Data for each month are presented as the average of 4–6 blood samples per subject. Data shown as mean ± SD for n = 12/11 in the placebo/intervention groups, respectively.

Reference ranges are 7–25 nmol/L for serum folate and 5–18 μmol/L for serum homocysteine.

Hcy, homocysteine.

Compliance with the study protocol was confirmed by analysis of urinary isoflavone concentrations. Supplementation with isoflavones resulted in a 15-fold increase in urinary isoflavone excretion (p < 0.0001), and tablet counts in returned containers indicated >95% compliance in both the PL and IF groups.^14,15 There were no temporal or group differences in energy intake, percent of energy derived from macronutrients, dietary fiber, or folate, indicating that nutrient intake was constant (Table 2).

Table 2.

Intake of Macronutrients and Folate in Placebo and Intervention Groups during Study a

	Energy (kJ)	Protein (%E)	Fat (%E)	Carbohydrate (%E)	Alcohol (%E)	Dietary fiber (g)	Folate (mg)
Placebo group
Month 1	8345.2 ± 1503.2	16.4 ± 2.8	33.3 ± 6.4	44.7 ± 6.6	3.9 ± 6.3	26.0 ± 9.7	296.4 ± 90.6
Month 2	7851.7 ± 1424.2	16.9 ± 2.9	32.3 ± 5.0	46.9 ± 4.1	2.7 ± 5.2	22.9 ± 8.6	257.5 ± 77.1
Month 3	7814.7 ± 1380.9	15.1 ± 2.2	31.0 ± 6.9	47.1 ± 5.1	4.9 ± 6.1	26.6 ± 8.0	280.7 ± 79.2
Month 4	7628.8 ± 1437.2	17.1 ± 3.7	29.2 ± 5.8	48.4 ± 7.7	3.5 ± 5.2	24.8 ± 12.7	282.4 ± 163.4
Intervention group
Month 1	8209.4 ± 1272.5	15.7 ± 2.7	31.5 ± 6.5	48.8 ± 6.6	1.7 ± 2.0	25.6 ± 8.4	310.9 ± 85.1
Month 2	7796.1 ± 834.9	16.6 ± 4.2	31.5 ± 4.7	47.7 ± 5.4	1.6 ± 1.8	29.2 ± 9.5	317.0 ± 88.0
Month 3	8254.4 ± 1249.4	17.6 ± 5.4	31.6 ± 6.2	47.6 ± 7.4	1.5 ± 2.4	24.7 ± 9.3	307.1 ± 126.8
Month 4	8162.9 ± 1415.6	15.8 ± 3.4	31.5 ± 4.4	49.1 ± 5.2	1.3 ± 2.0	28.1 ± 13.1	305.4 ± 76.9

Data for each month are presented as the average of 3 days weighed record.

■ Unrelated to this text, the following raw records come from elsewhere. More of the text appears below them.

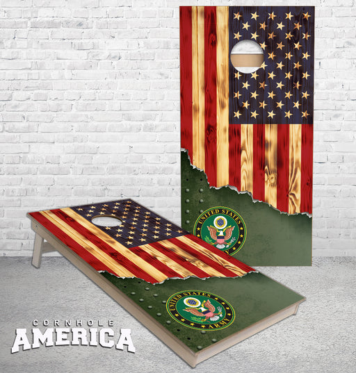 View full detailsArmy Burnt US Flag torn Metal cornhole boards
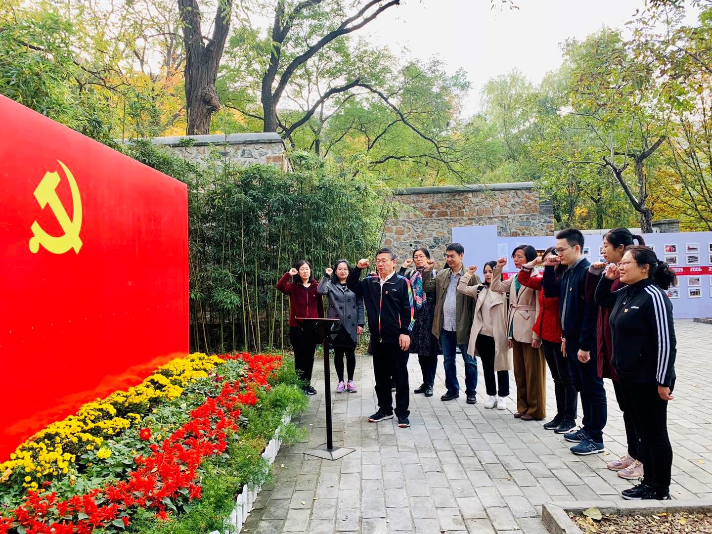 结束在香山革命纪念馆的参观之后,大家步行前往位于香山公园内的双清别墅和来青轩。这里曾是毛泽东、朱德、刘少奇、周恩来、任弼时等革命领导人的故居,是中国共产党领导下人民解放战争走向全国胜利的指挥部,是筹备召开新政协、建立新中国的历史见证地。在此,支部成员在德语公司党总支书记常秀鹏的带领下重温入党誓言,相互勉励不忘初心、牢记使命。
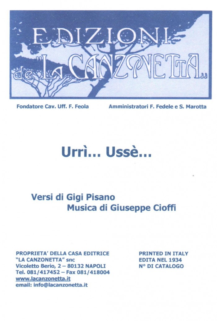 Urrì Ussè (Versi di Gigi Pisano - Musica di Giuseppe Cioffi). Spartito musicale di Canto & Piano edito dalla casa editrice "La Canzonetta" nel 1934.
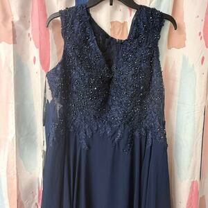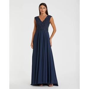 Mac Duggal Navy Applique Cap Sleeve Bodice Flowy Gown Gown Size 14
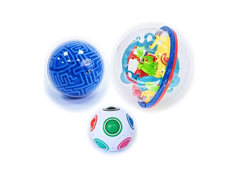 - (1) SOBIVA 3D Maze Puzzle Ball Game - Magic Rainbow Brain Teaser, Fidget Toys Sets, Jigsaw Sphere Globe - Gifts for Kids and Adults, 3 Sets

Data shown as mean ± SD for n = 12/9 in the placebo/intervention groups, respectively.

Discussion

The findings of the present supplementation trial suggest that methoxylated isoflavones have no effect on serum Hcy or folate concentrations. The strengths of the study were that purified isoflavones were used in the absence of any dietary manipulation, and the supplement was free of any matrix effects, particularly methionine¹⁷ and phytate,¹⁸ which have been reported as significant determinants of plasma Hcy. Stages of the menstrual cycle were also monitored, and up to six blood samples were collected from each participant during each menstrual cycle. The lack of effect is not a result of poor compliance, as the mean urinary isoflavone concentrations increased significantly in the IF group and remained low in the PL group.¹³ Urinary isoflavone metabolites were significantly higher in the IF group compared with the PL group: biochanin A, daidzein, and genistein increased 6–10-fold, formononetin and dihydrodaidzein increased 13-fold, equol increased 27-fold, and O-desmethylangolensin increased 228-fold.¹⁵

A limitation of this study was the nonsignificant trend toward a higher intake of alcohol and lower intakes of energy and folate in the PL group compared with the IF group. A low folate intake can cause elevated Hcy levels; however, the subjects' dietary intake included foods that were fortified with folate, and none were vegetarian, which suggests an adequate intake of folate and vitamin B₁₂, the main determinants of Hcy.⁵ Body weight was monitored weekly throughout the study, and all subjects remained at a stable weight. Although mean energy intake was rather lower in the placebo group at the end of the study compared with the beginning, this change was not statistically significant nor accompanied by any change in body weight. Thus, the consistency in plasma Hcy may be related to the small sample size of the study, the subjects' adequate intake of folate, or the low concentrations of Hcy at baseline.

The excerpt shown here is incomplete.